The world was created “good”… you’ve got to start there. Something went terribly wrong and a curse of injustice and chaos came to bear upon reality, a curse which set off a pattern which should, by all means, have ended in death. The God who created the world interrupted the patterns and entered climatically and authentically into history in Jesus. He lived so contrary to the powers that be, the powers which perpetuated those patterns (spiritual and temporal ones), that they killed him just like they did everyone else who did not align with their authority. As such, Jesus' death was not a sacrifice TO God, it was a sacrifice OF God. Mysteriously in Jesus, God was dying the death of a political revolutionary, the death of a criminal, the death of one utterly subject to the powers of sin and death—he died our death—and joined us in the darkest and most shameful place in human experience. But as we should have expected through an awareness of the narrative of which Jesus is a part, God breaks through the patterns of the curse and defeats death in resurrection, proclaiming simultaneously that crucified people are not cursed and that history does not end in death and darkness. Yes, Jesus died for our sins, for the ones of which we are victim and the ones of which we are perpetrators, to say once and for all that we are not cursed, that our sin is not essential to us, and that there is no place in us that is too dark for redemption. Yes, we are forgiven, forgiven and now empowered to live out our forgiveness. God, died in failure, met us in our failure, and therein set off a new pattern, a counter-intuitive pattern, one than ends not in death but in resurrection. God's presence in death is the beginning of that pattern and thus resurrection is unintelligible in isolation from crucifixion.

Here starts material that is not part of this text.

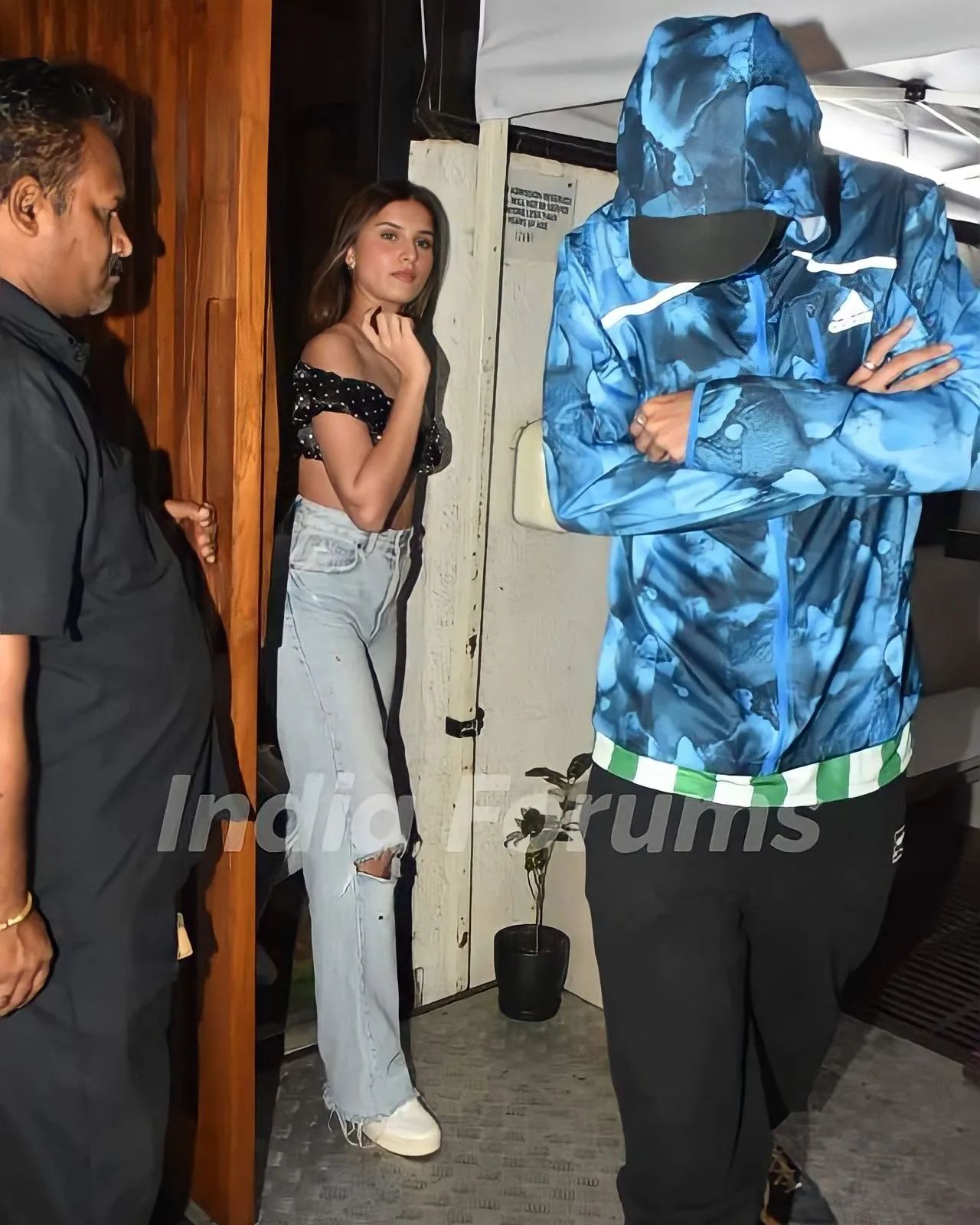 આ સમયે તારાએ બ્લેક ઓફ શોલ્ડર ક્રોપ ટોપ અને ડેનિમ જીન્સ પહેર્યું હતું, લાઇટ મેકઅપની સાથે તારાએ પોતાના વાળ ખુલ્લા રાખ્યા હતા. તારનું ટોપ એટલુંડીપ હતું કે તેમાં તેની હોટનેસ ઉભરાઈ રહી હતી, હંમેશાની જેમ તારાએ આ લુકમાં પણ હોટનેસનો તડકો લગાવ્યો હતો. જ્યારે તેની સાથેનો મિસ્ટ્રી બોય બ્લુ આઉટફિટમાં જોવા મળ્યો હતો. બંને જેવા જ બહાર નીકળ્યા કે મીડિયાના કેમેરામાં કેપ્ચર થઇ ગયા હતા.

Could God have accomplished this in any other way? Not really... The cross was not the means to an end… the cross was the end in itself. There’s no happy way of authentically entering in to the darkest and most shameful place in human history and experience in order to say, “me too” and “it is finished.” The cross is reality. Jesus’ presence there is God’s presence there, God’s presence in reality, and as such it is redemption. When the God of liberation enters reality, when God hangs on a cross, crucifixion MEANS resurrection. God had to assume it in order to redeem it.

It doesn't stop there... the cross is not just some cosmic thing. We're invited into the same pattern. The pattern of entering reality and claiming Christ's victory there. It's not exactly "substitutionary" because Jesus said, "as I've been sent, I'm sending you." The follower of Jesus is invited to bring restoration through giving live (especially rather than taking it), we are invited to engage in the suffering of others, much like Mother Theresa and exactly like Jesus, in order to say, "me too... you're not cursed." And we trust that by engaging in this pattern, our end is not death but resurrection.
I'm sure that there's something terribly wrong with my explanation and that I've got a few Christian friends who are willing to point it out, but I think that such a narrative approach to the question of the cross is much better and more healthy than some of the systematic ones I've heard in the past. What do you think?